While the focus of each screening is on a particular artist, their passionate lives and the history of their form of expression and/or the context within which their life and work took place, the film series offers a unique opportunity for older students to learn about periods of history not often included in traditional school history curricula.  The films themselves are also a valuable way to learn – learners who best absorb information when visuals are presented will enjoy the creative and aesthetically pleasing and dramatic ways in which information is conveyed.

Screenings will take place on Thursday evenings beginning September 20th at 7pm, and admission is free.  The Clark Institute is located at 225 South Street, Williamstown, MA.  For more information, call 413-458-2303. www.clarkart.edu

  • September 20 Thursday 7:00 pm: Andrei Rublev.  (1966, 205 min, Russian with subtitles)  Andrei Tarkovsky’s masterful epic explores not just the life and work of the famous icon painter, but the whole cosmos of late medieval Russia, in a cinematic classic of art, faith, and history.  Steve Satullo, film programmer for the Clark, will introduce the series and the film.  For the convenience of viewers, this film will be repeated on Friday 9/21, with Part One at 1:00 pm and Part Two at 3:00 pm.
  • October 4 Thursday 7:00 pm: The Mill & the Cross.  (2011, 95 min.)  Lech Majewski offers a unique portal — through special effects and dramatization — for entering the world of a Pieter Bruegel painting, with the artist himself (played by Rutger Hauer) as guide.  Keith Moxey, Chair of Art History at Barnard College and former Robert Sterling Clark Visiting Professor at Williams College, will provide context and commentary on the film.

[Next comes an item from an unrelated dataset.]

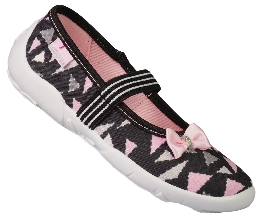 - Tenisówki dziecięce Viggami w granatowym kolorze z ciekawym wzorkiem i kokardką. Kapcie są wsuwane co znacznie ułatwia samodzielne zakładanie obuwia przez dziecko. Posiadają certyfikat zdrowej stopy.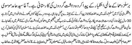 ISLAMABAD, March 4: The Islamic World will have to adopt the teachings of Mohammad and his family (PBUT) to get rid of colonialism |

  • October 18 Thursday 7:00 pm: Caravaggio.  (1986, 90 min.)  Derek Jarman’s bold experiment in portraiture tells the story of the scandalous Italian Baroque painter, played by Nigel Terry, with his muse and model played by Tilda Swinton.  Michael Cassin, director of the Clark‘s Center for Education in the Visual Arts, will tell tales about the painter and his world.

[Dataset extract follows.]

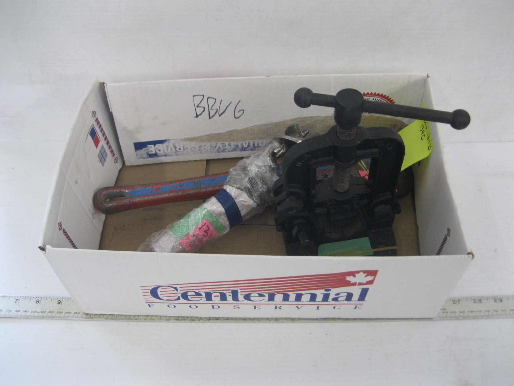 Lot 443 LITTLESTOWN HDWE PIPE CLAMP, RIGID 18" PIPE WRENCH & IRWIN VINTAGE DRILL BITS (7PCS)

  • November 1 Thursday 7:00 pm: Edvard Munch.  (1974, 172 min.).   Peter Watkins’ brilliant docudrama follows the early life and career of the grim Norwegian painter, showing what led to The Scream.  Jay Clarke, Manton Curator of Prints, Drawings, and Photographs for the Clark and author of Becoming Edvard Munch: Influence, Anxiety, and Myth, will introduce and assess the film.
  • November 15 Thursday 7:00 pm: Lust for Life.  (1956, 122 min.)  Vincente Minnelli’s adaptation of the Irving Stone novel is an unusually serious Hollywood biopic, imbued with the colors of Vincent Van Gogh’s art and life.  Kirk Douglas gives an impassioned performance as Van Gogh, with Anthony Quinn as Paul Gauguin.  Perspective will be provided by Richard Kendall, Curator at Large for the Clark and author of Van Gogh’s Van Goghs.